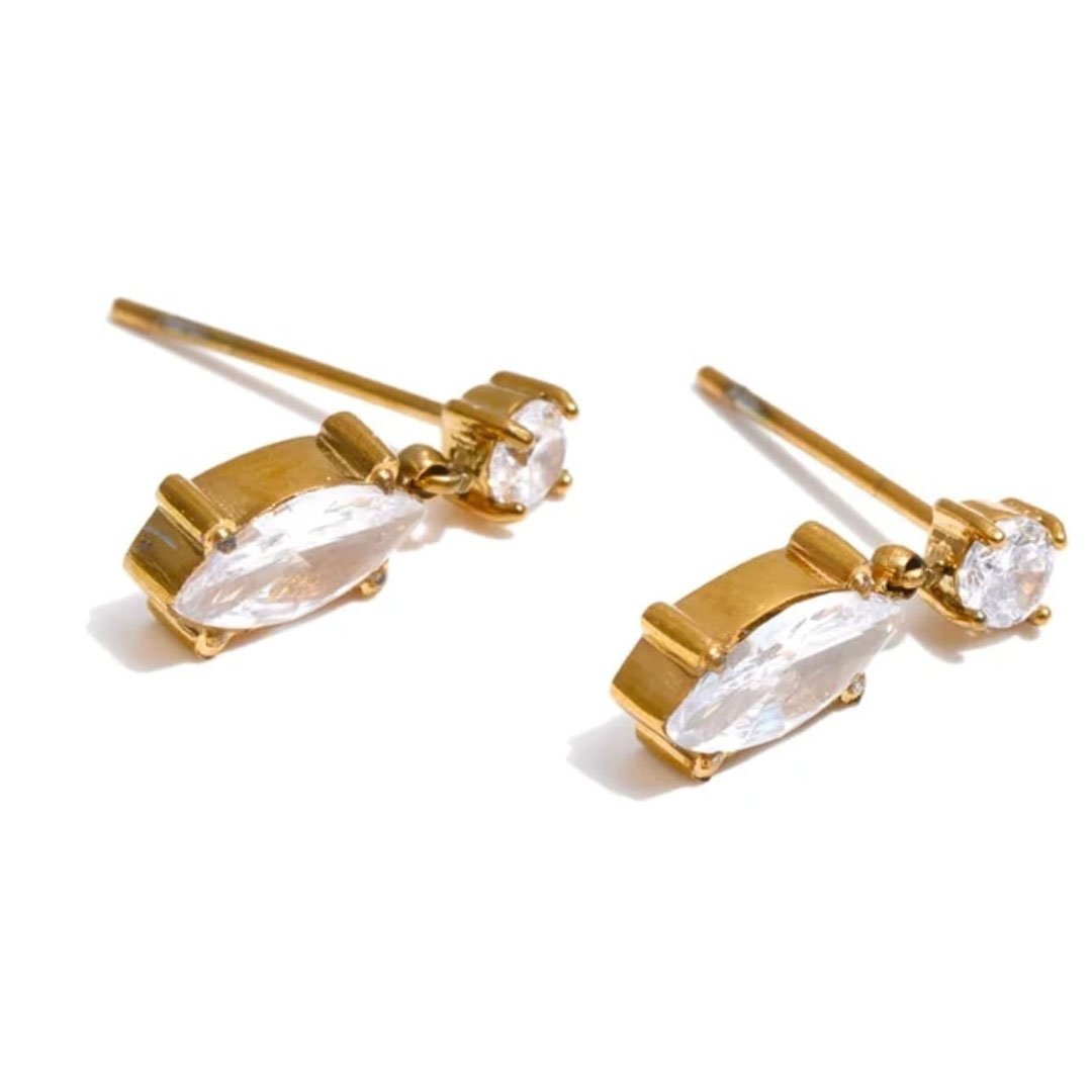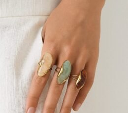 Adjustable gold earring with oval gemstones in pink and tiger eye colors.
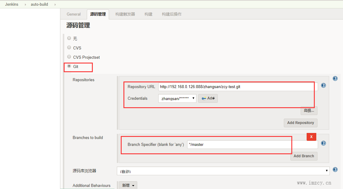 2.3、在源码管理中,输入要构建的gitlab项目及对应的分支
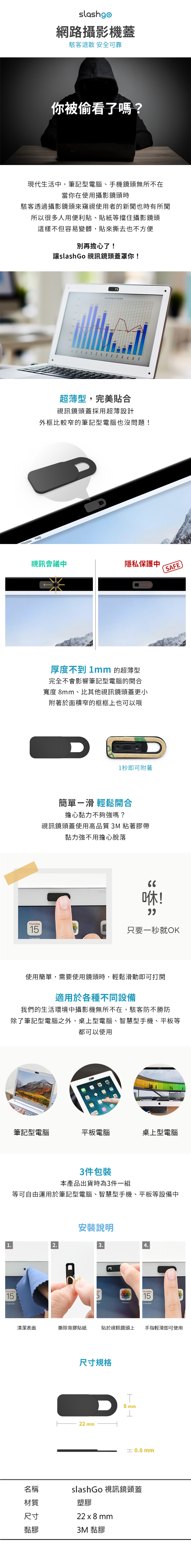 ▸完美貼身設計,100%覆蓋鏡頭,防止鏡頭駭客
·····
Exercise details:
Everything in the data except the pictures needs to be written out exactly.

Task answer:
 Adjustable gold earring with oval gemstones in pink and tiger eye colors.
 2.3、在源码管理中,输入要构建的gitlab项目及对应的分支
 ▸完美貼身設計,100%覆蓋鏡頭,防止鏡頭駭客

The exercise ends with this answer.